I think I made the comment on the 4 tools in the truck, I didn't literally mean 4 tools and that's it, I meant by the time you put a few basic tools in a 6' pick up your basically full! It was a broad statement and not meaning exactly 4 tools but what ever most reading know the meaning! I think you took the 4 tools to literally, no offense and but it was just a general statement with out giving a tool count.
When you posted that list and threw the Honda accord in I think a lot of us guys who own trucks,vans,trailers what have you and run our own businesses out of our setups, we know that a car can't handle that , and it's not produtive to work like that! Also weather working on a rental property or a 20million dollar house it's not very feasible to work that way weather your a employee or the main guy! 
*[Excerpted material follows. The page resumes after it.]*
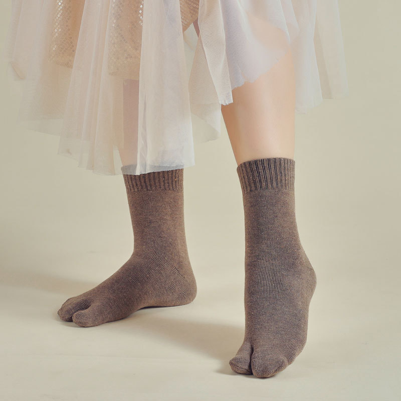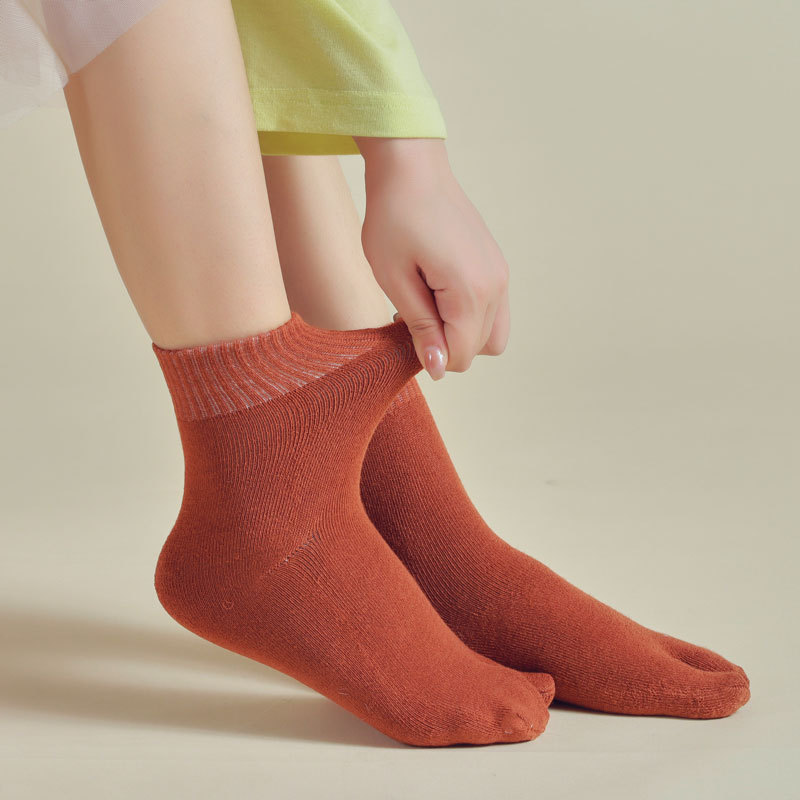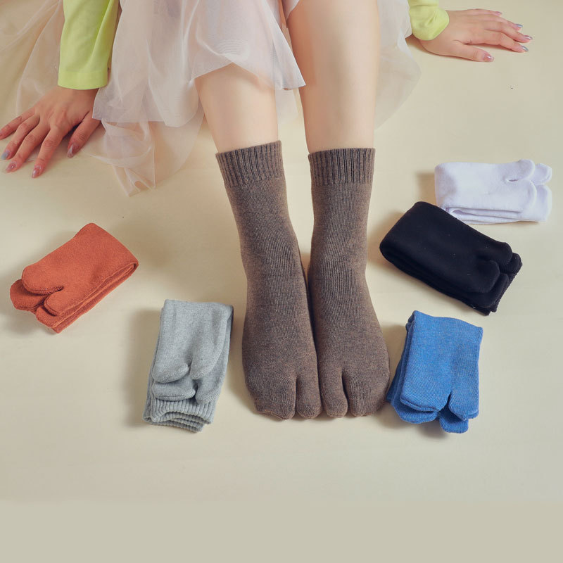 女性用二本指ソックス、ミッドカーフソックス、二本指綿ソックス、春秋スタイル、吸汗性、通気性、抗菌性、足を痛めない二本指ソックス、分割つま先ソックス

I also made a comment that if you showed up as a employee I'd send you home! That's because I know if I sent you in a accord to do some punch list work or install a small kitchen somewhere it would kind of be a loss because to set up or pack up out of a truck or van may take approx 10-20 min vs out of a car at least a 1 hr if not longer if your worried about not beating the crap out of the car or your tools! It's probably at least 2 wasted hrs. 

I'm sure any where in the tri state area you would get pulled over because that's dangerous to drive with all that stuff the cars braking system can't handle that kind of weight ! I know my Subaru with me and 2 kids and some small luggage in the trunk was feeling sluggish in breaking and turns on my past summer vacation down the shore!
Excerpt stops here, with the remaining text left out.